Schizophrenia: More dopamine, more D₂ receptors

Schizophrenia is a major therapeutic challenge of modern medicine, and one of the last frontiers of brain research. The illness is defined by delusions, hallucinations, disorganized behavior, and cognitive difficulties such as memory loss. It occurs in ≈1% of the world population and usually first appears in early adulthood. Although antipsychotic medications have dramatically improved the lives of patients with schizophrenia, the causes of the illness remain unknown.

Of the many contemporary theories of schizophrenia, the most enduring has been the dopamine hypothesis. As originally put by Van Rossum in 1967 (ref. 1, p. 321), “When the hypothesis of dopamine blockade by neuroleptic agents can be further substantiated, it may have fargoing consequences for the pathophysiology of schizophrenia.

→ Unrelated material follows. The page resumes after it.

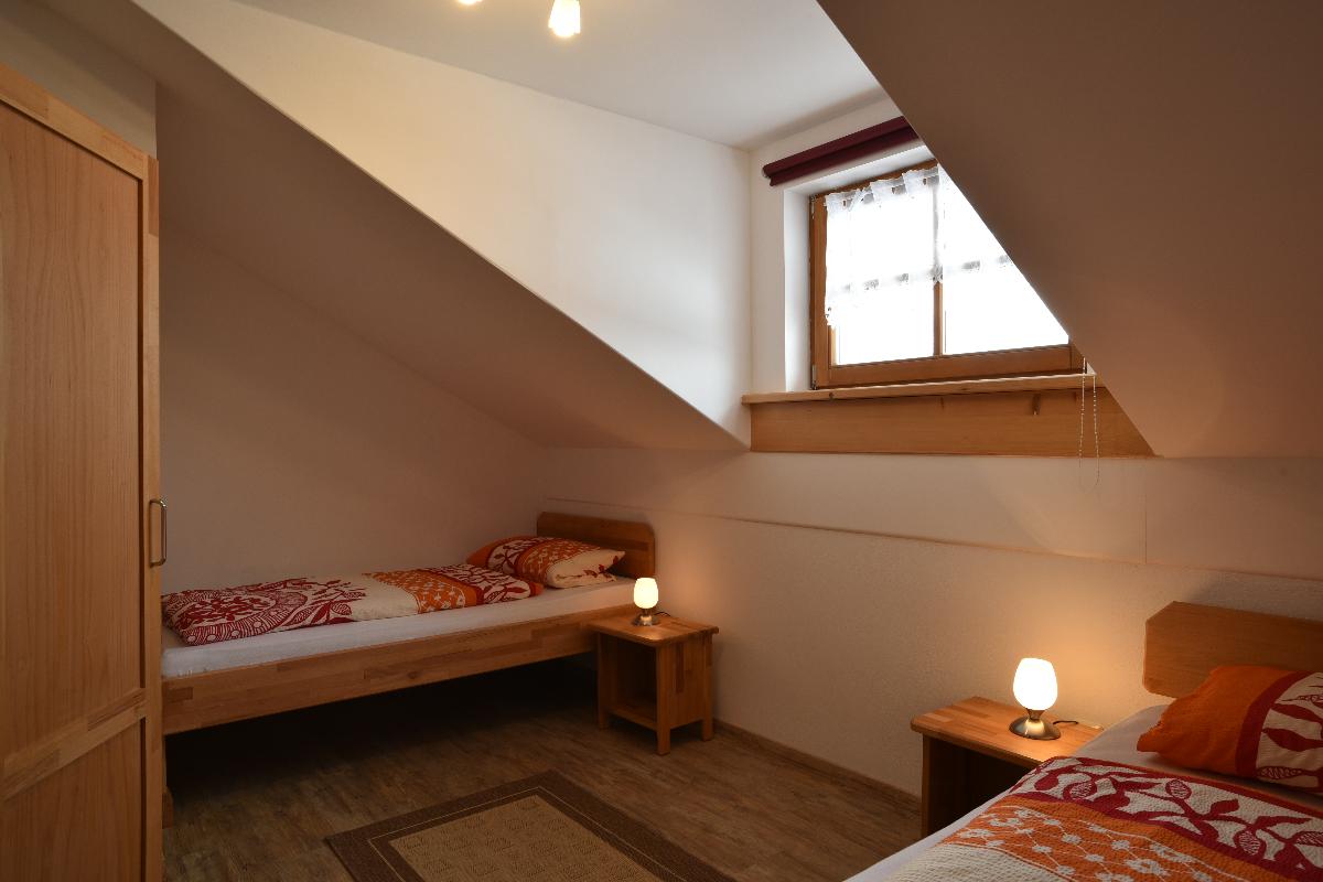 Unsere Wohnung Nr. 4 hat ein Schlafzimmer mit Doppelbett und ein Schlafzimmer mit zwei Einzelbetten, Wohnküche mit Küchenzeile und Esstisch, Polsterecke, Bad mit WC und Dusche und einen großen Balkon mit Gartenmöbeln mit Blick zum Baumwipfelpfad im Nationalpark .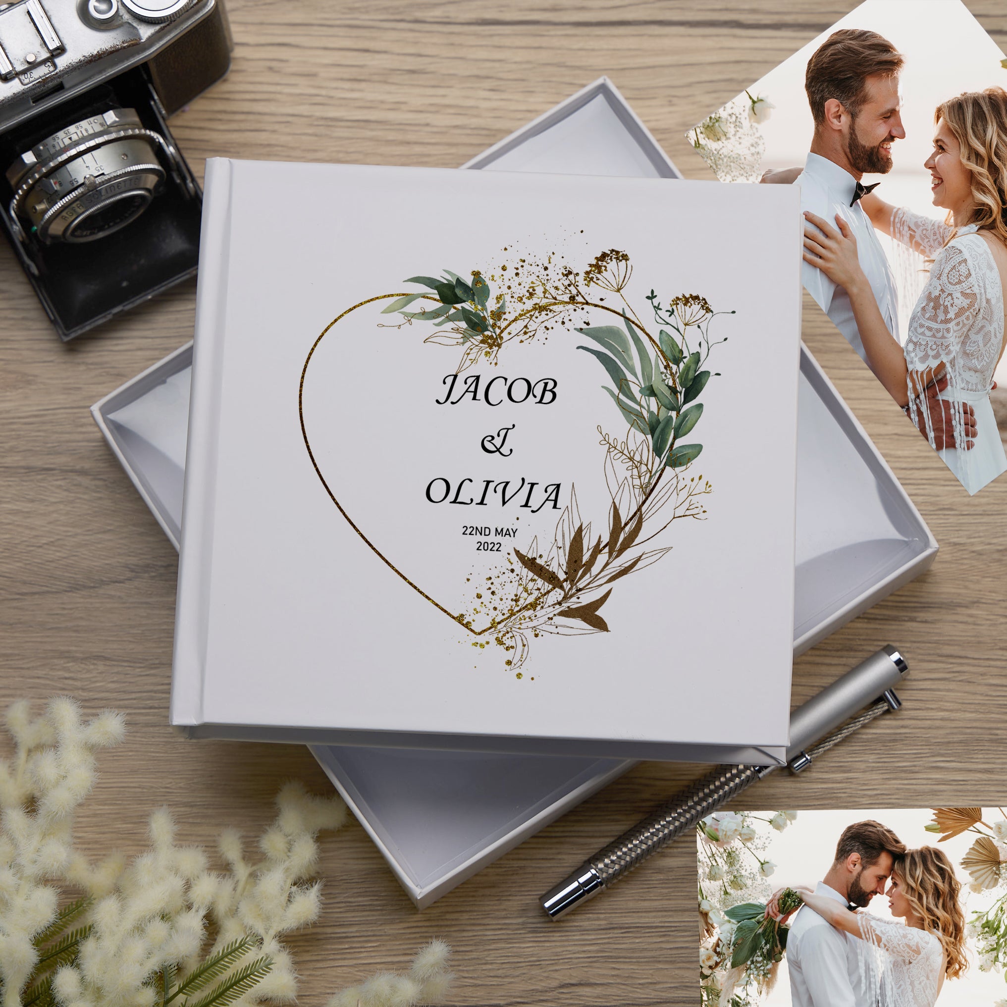 This customised wedding album makes a perfect gift and features a Gold Green Wreath heart. Lovely Photo Album with...

Overstimulation of dopamine receptors could be part of the aetiology … [emphasis added].” Indeed, this speculative sentence by Van Rossum foreshadows the title of the important work by Abi-Dargham et al. (2) in this issue of PNAS: “Increased baseline occupancy of D₂ receptors by dopamine in schizophrenia.”

The discovery of the antipsychotic/dopamine receptor (3, 4), now commonly known as the dopamine D₂ receptor, led to repeated confirmation that it is the primary site of action for all antipsychotics (3–5), including clozapine and quetiapine (6). All these drugs have different potencies at the receptor. The potency depends on the drug's dissociation constant at D₂, which, in turn, relates to the rate of release of the drug from the D₂ receptor. For example, the dopamine D₂ receptor releases clozapine and quetiapine more rapidly than it does any of the other antipsychotic drugs (7, 8).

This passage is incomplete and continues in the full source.